You can get a listing of all the traces.
$HOME/fantaco-redhat-one-2026/langfuse-setup/list-traces.sh
Fetching last 10 traces...
TRACE ID QUERY
=====================================================================================
bc0008ba64304e09fcc3fbaf9f1f9888 what is today?
20a4d01e6cf0eb28e15872a5317274a2 who is Burr Sutter?
1e81a8782d937c8e1adafb994e96681c what are the delivered orders for Fran Wilson?
dd4e1cb37e83e51e3d25bd05cc237f16 who is the primary contact for Lonesome Pine ...
631fc657a05762b86e44551393fb16f1 who does Thomas Hardy work for and what is hi...
4e4ed7ee062f0d38f0abb6fc03defc3d what are the orders for Liu Wong?
017c454bb7fbc01cc5a7a8fe6f0b073b who does Thomas Hardy work for?
8fa62c42a85d8f14ba9a42d38359ce53 what are Fran Wilson's orders?
5ee044f92e94fd50c133f5ac7dc82d96 who does Thomas Hardy work for?
Use the trace id to get the specific score and comment.

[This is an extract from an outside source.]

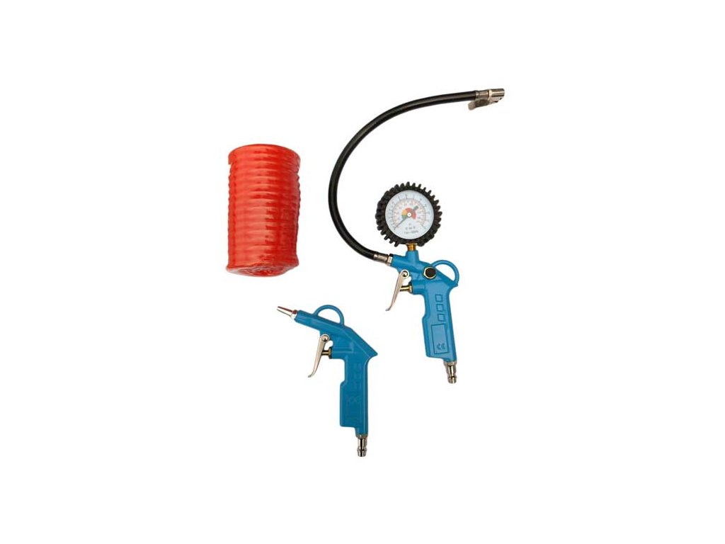 Souprava pro práci se vzduchovým kompresorem. Ideální na huštění pneumatik, bazénů nebo člunů, profukování vzduchových filtrů, ofukování pilin, prachu a dalších nečistot.

If you do not provide a trace id it just defaults the last trace.
$HOME/fantaco-redhat-one-2026/langfuse-setup/get-trace-feedback.sh
No trace ID provided, fetching latest trace...
Fetching trace: bc0008ba64304e09fcc3fbaf9f1f9888
================================================
Name: customer-service-chat
Timestamp: 2026-01-08T17:57:16.111Z
Input: what is today?
Output:
I don't have access to real-time information or calendar functions. You'll need to check your device's clock or a calendar application for today's date. Let me know if you need help with any custome...
Feedback:
---------
Score: thumbs down (0)
Comment: you should have access to a clock~!
Time: 2026-01-08T17:57:35.580Z
You can provide the get-trace-feedback.sh with a specific trace id.
Summary
In this module you:
-
Deployed Langfuse as an observability platform for your AI agents
-
Captured traces that show the complete reasoning chain for each agent interaction — from user input through tool calls to final response
-
Ran keyword-based evals against your agent to verify it returns correct customer and order data
-
Used the feedback system (thumbs up/down with comments) to capture end-user satisfaction tied to specific traces
These three capabilities — traces, evals, and feedback — form a continuous improvement loop: traces help you debug, evals help you prevent regressions, and feedback helps you discover what to improve next.